Royce Mitchell III wrote:
I managed to shave off another comparison in favor of a shift:
If aiming for maximum speed, wouldn't something like the following be even faster? Note that I was to lazy to time it, but as it now contains not a single conditional jump I suspect it could compare favorable. Another thing to keep in mind is that this version should be constant time irrespective of input, while the version with conditional jumps likely would vary (quite a lot?) depending on the bit-patterns of the input.
On the other hand this code is, if possible, even harder to parallelize to make simultaneous use of multiple pipes (simultaneous paths of execution, for super-scalar CPU's). I suspect introducing yet another temporary, probably for (i&0xf), and interleave use of that one with the real i could make pairable instructions possible. As "ret" would then become a synchronization point, perhaps addition of a ret2 used by mentioned temporary, and only adding ret and ret2 at the point of return could help that.
Another thing to possibly look into could be to hold the now constant values used for comparison (0xffff, 0xff, ...) in a register and shift that too - to remove the register loads from memory (that is, assuming a shift operation indeed is faster than a memory-read, even if from L1 cache).

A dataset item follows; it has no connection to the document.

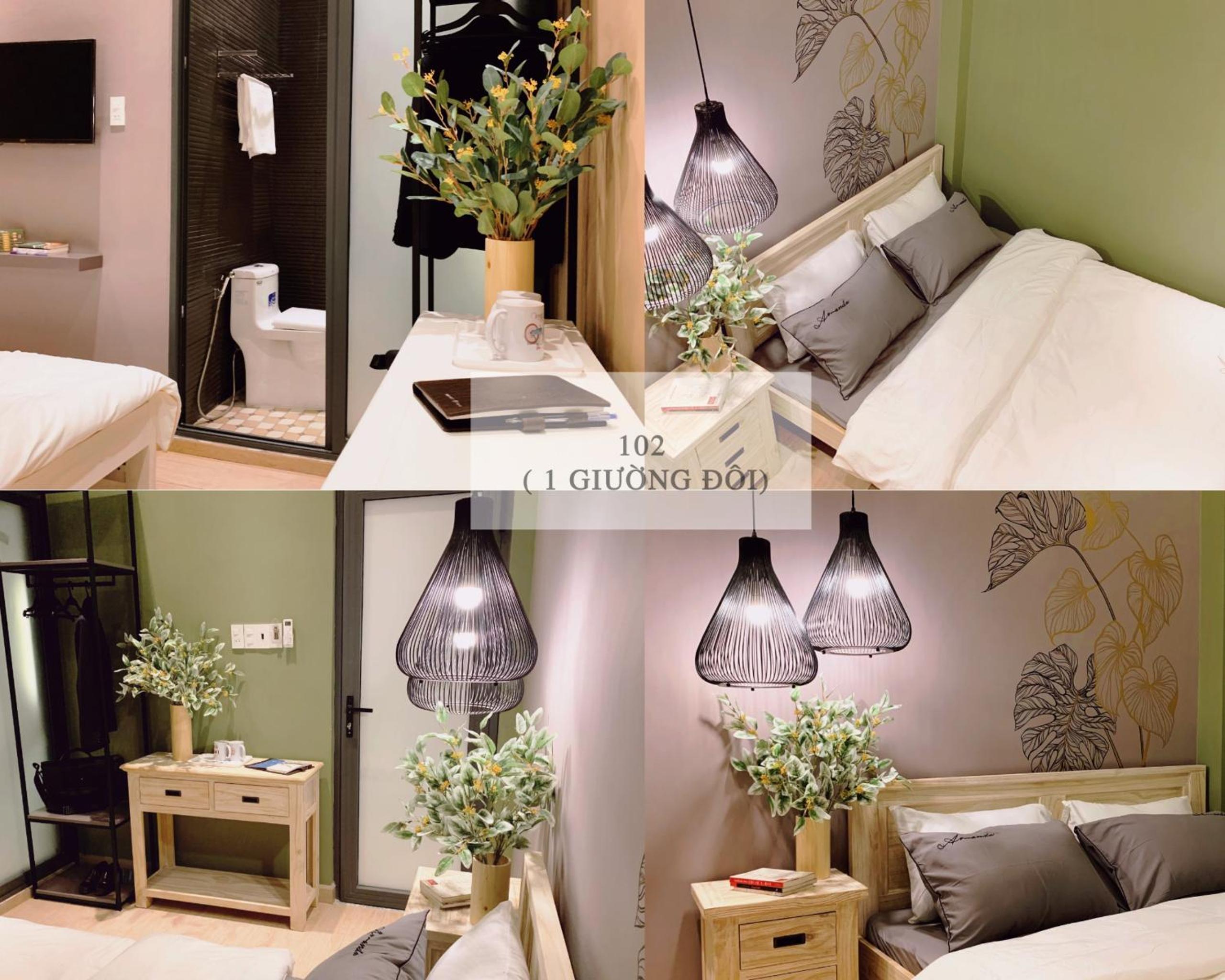 Trang trí có gu, nhìn ấn tượng và trông trẻ trung hơn nhiều chỗ. Các bạn nhân viên đều nhiệt tình, rep tin nhắn 24/24. Bảng giá, chú thích đều ghi rất rõ ràng, công khai ở từng phòng. Trong phòng có máy sáy tóc, bàn chải và kem đánh răng, dầu gội, sữa tắm. Không cho thuê xe máy nhưng giới thiệu chỗ cũng chuyên nghiệp. Có bán nước, có máy nước lọc miễn phí, mỗi ngày cho thêm 1 chai nước suối/khách.

Combining these ideas might however be a bad idea on the Z80-on-stereoids called IA32, where there actually doesn't exist a single GPR, and the actual usable register count is lower than the amount of toes on any healthy parrot. :-)
int highest_bit(unsigned int i) { int temp; int ret = 0; temp = i > 0xffff; i >>= 16*temp; ret = 16*temp; temp = i > 0xff; i >>= 8*temp; ret += 8*temp; temp = i > 0xf; i >>= 4*temp; ret += 4*temp; temp = i > 0x3; i >>= 2*temp; ret += 2*temp; ret += (i>>1); return ret; }
/Mike